Well, coach Gary Patterson and his young, bowl-bound Frogs (7-4, 4-4 Big 12) have done just fine in their inaugural Big 12 season, even though they won’t win at least 11 games for the fifth year in a row, claim their fourth consecutive conference title or be part of the Bowl Championship Series.
They can finish in the upper half of the only league sending 90 percent of its teams to bowl games (nine of 10) and have won four Big 12 road games, including Thanksgiving night at Texas.
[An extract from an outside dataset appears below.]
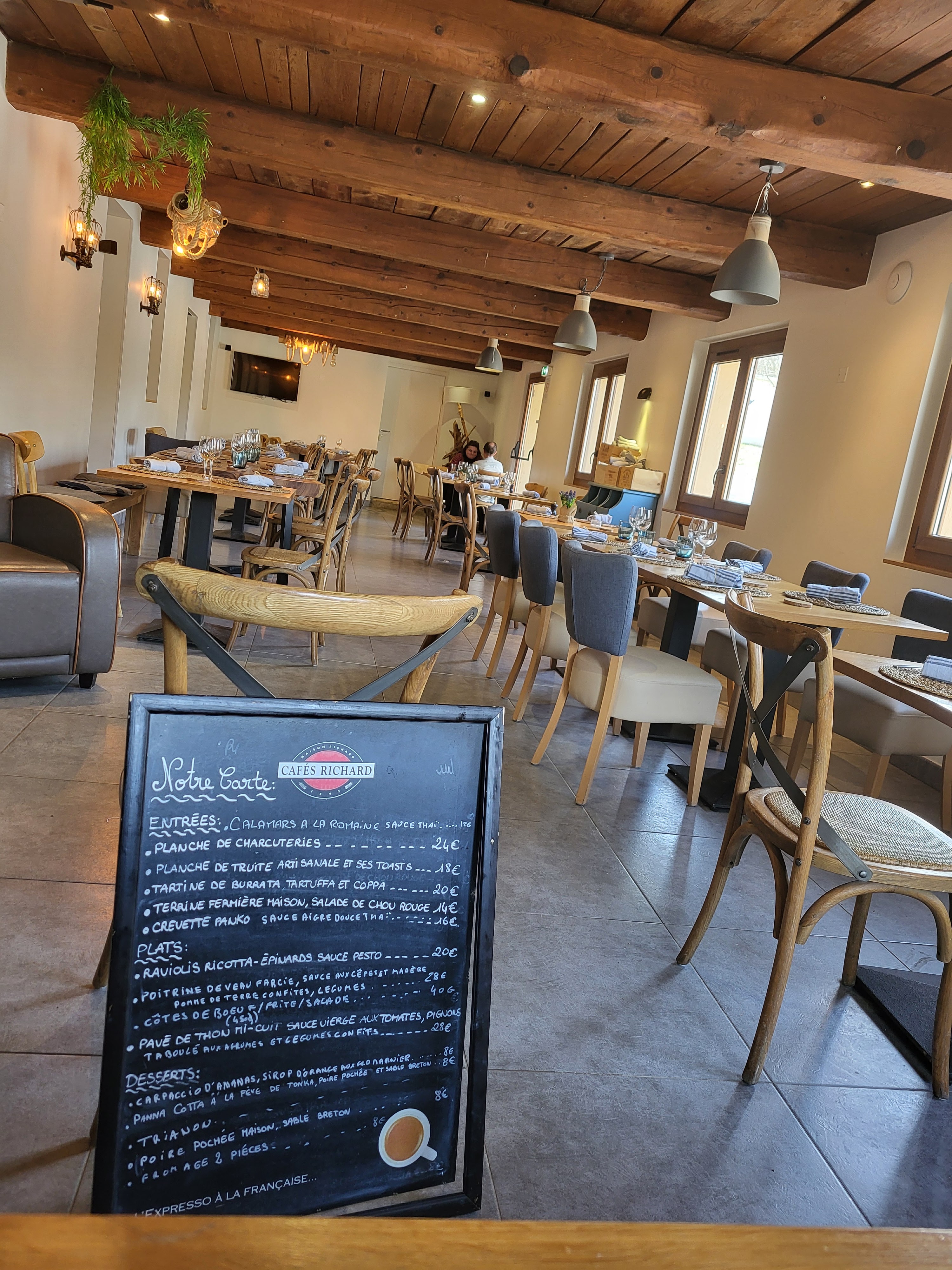 Nous avons été enchanté de l'accueil le cadre merveilleux vu que pas encore de carte un menu du jour avec 3 choix pour l'entrée choix 2 pour plat principal café gourmand excellent et comme je suis allergique à l'ail et que dans les deux plats principaux il y en avait ils m'ont proposé de me faire une bavette et tout ceci pour un prix super abordable 25 € je recommande vivement cette auberge

All while playing an FBS-high 28 freshmen, plus 20 sophomores, having to make an unplanned quarterback switch a month into the season and with only one senior starter on defense.
“Very, very proud of this group of kids the way they’ve fought, the way they’ve played, how they’ve done things, found ways to win,” said Patterson, TCU’s winningest coach at 116-34 in his 12th season. “Now you’re looking at having a chance to be 8-4 and get to a bowl game and do the things you need to do and kind of get a jump start for next season.”
TCU plays its regular-season finale Saturday at home against 12th-ranked Oklahoma (9-2, 7-1). The Sooners can clinch at least a share of the Big 12 title with a win, and then would be headed to a BCS game if seventh-ranked Kansas State loses later that night at home against No. 23 Texas.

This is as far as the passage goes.